Kevin O'Leary sagte im Build-or-Break-Podcast mit Daniel Lubetzky, dass der verstorbene Apple-Mitbegründer Steve Jobs ihm einst eine einfache Formel für die tägliche Produktivität gab: drei Dinge auswählen, die wichtig sind, und alles andere ignorieren. Der kanadische Unternehmer erklärte, dass diese Regel seine Investitionskarriere und seinen Führungsstil geprägt habe.
Was O'Leary zur Drei-Aufgaben-Regel sagt
Im Interview erklärte O'Leary, dass man „nur drei Dinge pro Tag erledigen muss". Er betonte, dass es sich dabei nicht um grandiose Visionen handele, sondern um die wichtigsten Aktionen, die zuerst abgeschlossen werden müssen. Alles, was stört, nannte er "Rauschen", sei es Small-Talk am Wasserspender oder ein Anruf von der Familie.
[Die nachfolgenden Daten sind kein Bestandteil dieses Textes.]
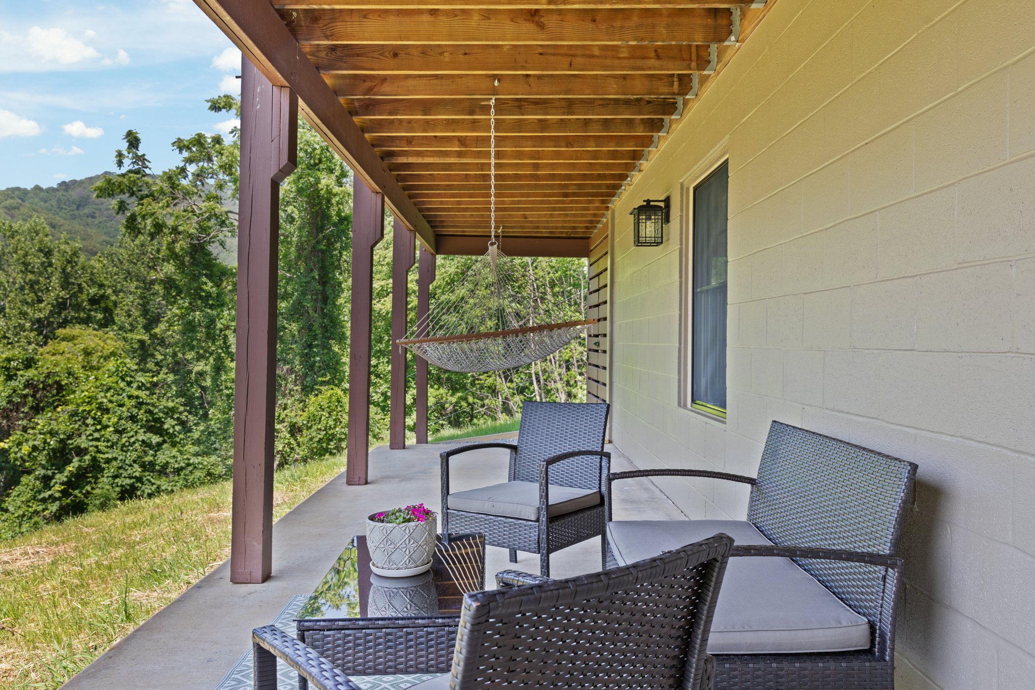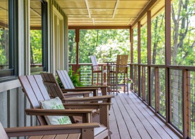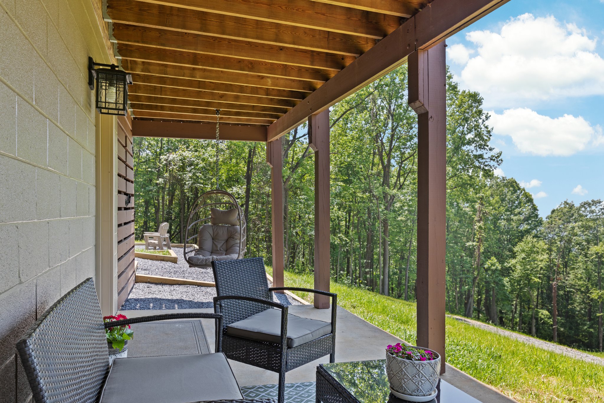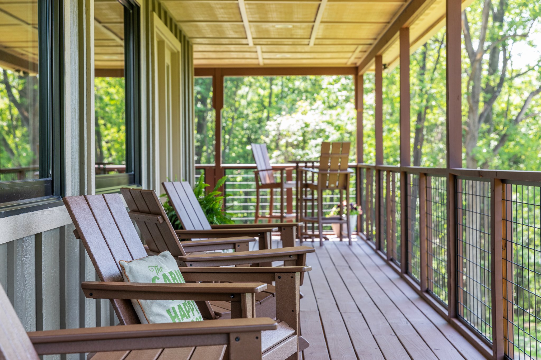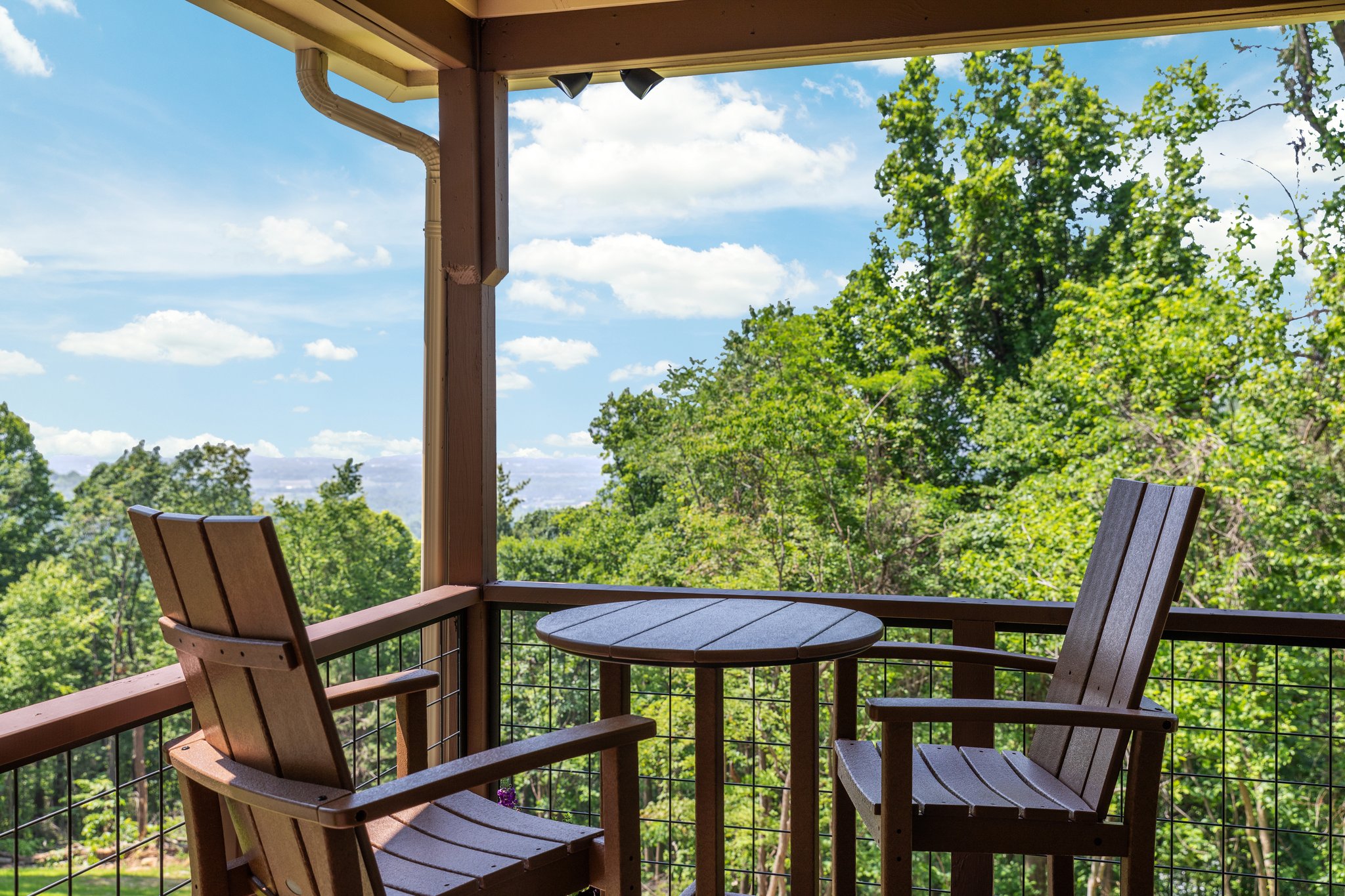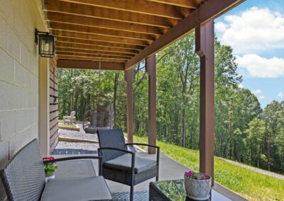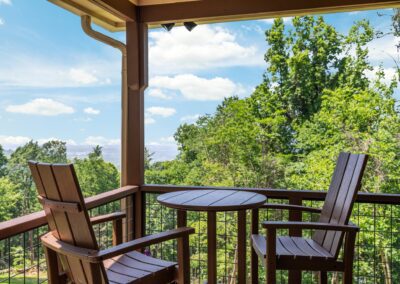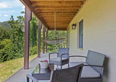 Large upper wrap around deck with rocking chairs, swing, high top table and chairs, and screened in porch with table and chairs. Below is a covered deck with a sitting area, hammock, and birdcage swing. There is also a charcoal grill, Breeo firepit with Pollywood chairs (we provide starter firewood), and cornhole boards. We provide several binoculars and bird watching books if you want to wake up early to see the forest come alive around you.

Warum das Signal-zu-Rausch-Verhältnis wichtig ist
Laut O'Leary teilen die erfolgreichsten Geschäftsleute die Fähigkeit, Signal von Rauschen zu trennen. Er sagte, Jobs habe mit einem 80:20-Signal-zu-Rausch-Verhältnis gearbeitet, ein Fokus, der ihn "extrem schwer zu handhaben" machte, aber auch seine Erfolge vorantrieb. O'Leary nannte ein ähnliches Verhalten von Elon Musk und bemerkte, dass Musk ein Gespräch verlässt, wenn er keinen unmittelbaren Mehrwert erkennt.
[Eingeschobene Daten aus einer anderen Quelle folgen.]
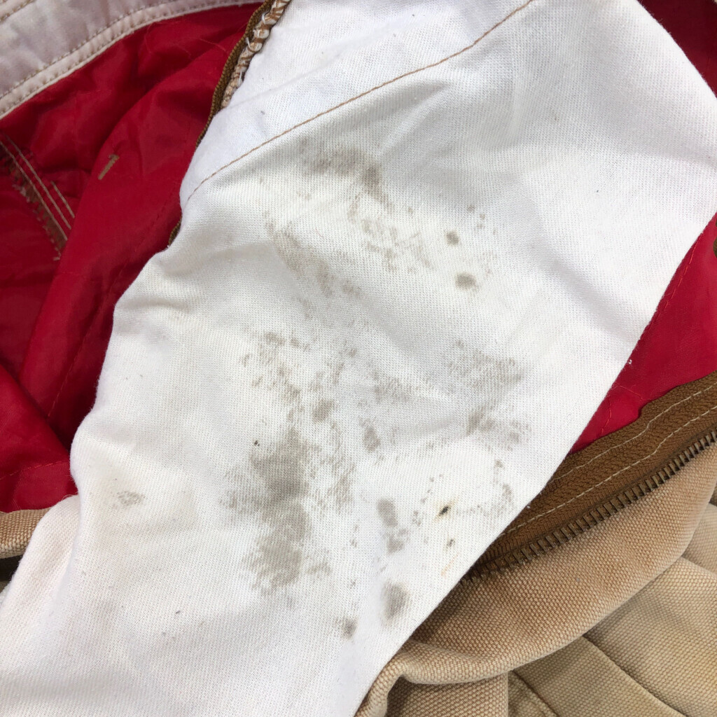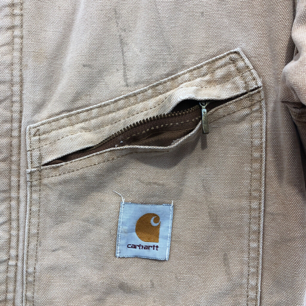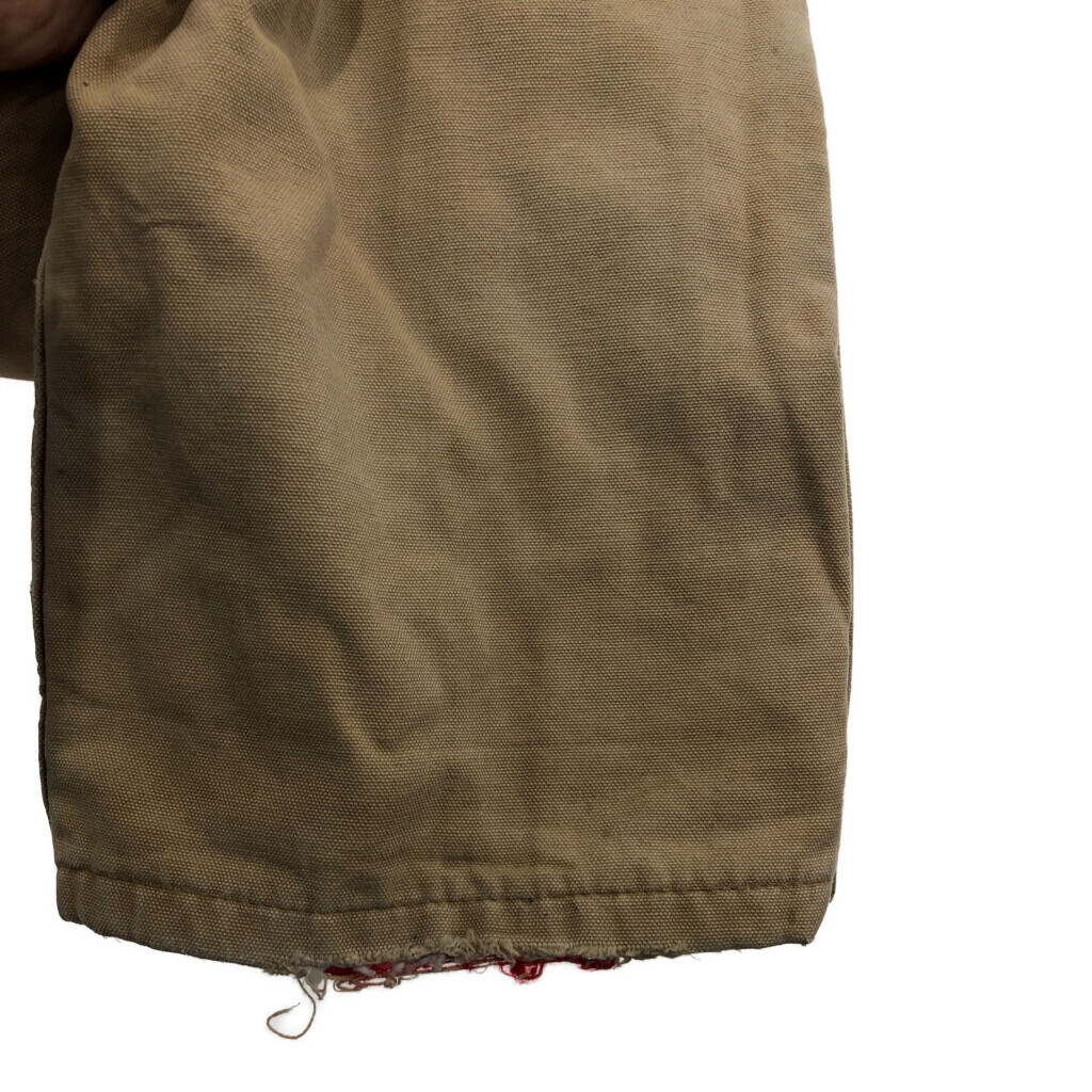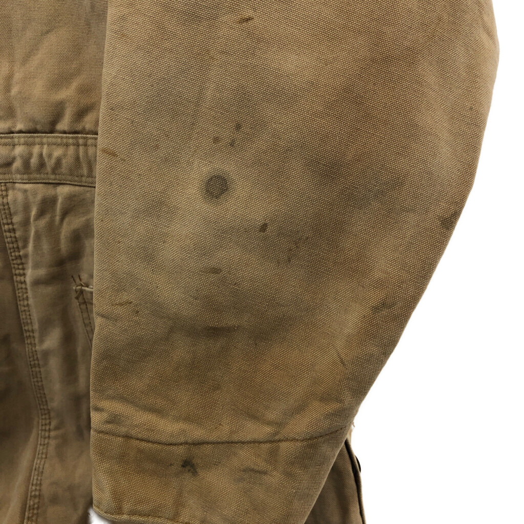 【商品管理番号】 P7453 【ブランド】 Carhartt/カーハート 【サイズ】 -- 表記無し(≒ L相当 ) 【実寸サイズ】 総丈:約156cm 肩幅:約49cm 身幅:約56cm ウエスト:約94cm 股上:約38cm 股下:約73cm わたり幅:約32cm 裾幅:約24cm 袖丈:約62cm 【主な素材】 表地 : コットン 【色】 ベージュ 【仕様】 90年代 ワーク ダック生地 裏地キルティング 【状態】 汚れ:袖、袖先、胸、背中、腰、裾、ヒップ、もも、スネ 破れ:裾 特記事項:色褪せ 胸ポケットジップ破損裾サイドスナップボタン欠損使用感有り |

„[Musk] will einfach nicht seine Zeit verschwenden, und schauen Sie, was er erreicht hat", sagte O'Leary.
O'Leary ist der Ansicht, dass diese Denkweise einen Führungsstil hart erscheinen lassen kann und Kritiker anzieht. Er argumentiert, dass Kritiker lediglich Rauschen seien, das nicht von den drei täglichen Prioritäten ablenken sollte.
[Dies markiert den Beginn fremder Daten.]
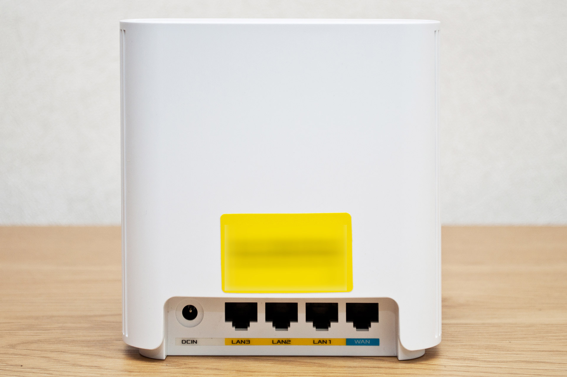 Организация задней панели крайне лаконична. Рядом с основанием находятся разъем для подключения внешнего источника питания и четыре порта Gigabit Ethernet в конструктиве RJ-45, из которых три штуки предназначены для подсоединения устройств локальной сети или узлов AiMesh, а четвертый служит для подключения к оборудованию Интернет-провайдера. В отличие от ZenWiFi XT8 новинка лишена разъема USB и порта 2,5 Gigabit Ethernet.

Wie die Denkweise O'Learys Karriere prägte
In den frühen 1990er-Jahren arbeitete O'Leary mit Jobs zusammen, als SoftKey Software Products (später umbenannt in The Learning Company) Lernsoftware für Apple entwickelte. Jobs wies Rückmeldungen von Lehrern und Schülern zurück und bestand darauf, dass allein seine Vision den Erfolg bestimmen würde. O'Leary sagt, diese Erfahrung habe ihm die Bedeutung eines disziplinierten Fokus vermittelt.
Die Lektion erwies sich als profitabel. O'Leary gründete SoftKey 1983 in seinem Keller in Toronto und verkaufte das Unternehmen 1999 an Mattel für 3,7 Milliarden Dollar. Später baute er sich einen Ruf als kompromissloser Investor auf, unterstützte Unternehmen wie Groove Book, Blueland und Basepaws und ist seit 17 Staffeln im Shark Tank als der unverblümte "Mr. Wonderful" zu sehen.
Was als Nächstes für den Unternehmer kommt
O'Leary sagt, er wende die Drei-Aufgaben-Regel weiterhin in all seinen Unternehmungen an und erinnert Gründer daran, dass die Fähigkeit, Ablenkungen zu filtern, eine erlernbare Fähigkeit sei. Er plant, den Ansatz weiterhin in Podcasts und öffentlichen Auftritten zu teilen, in der Hoffnung, dass mehr europäische Gründer eine strengere Signal-zu-Rausch-Disziplin übernehmen.
Indem man sich täglich auf ein paar hochwirksame Aktionen konzentriert, argumentiert O'Leary, können Geschäftsleiter ihre Zeit schützen, Kritik reduzieren und die für langfristigen Erfolg nötige Dynamik aufrechterhalten.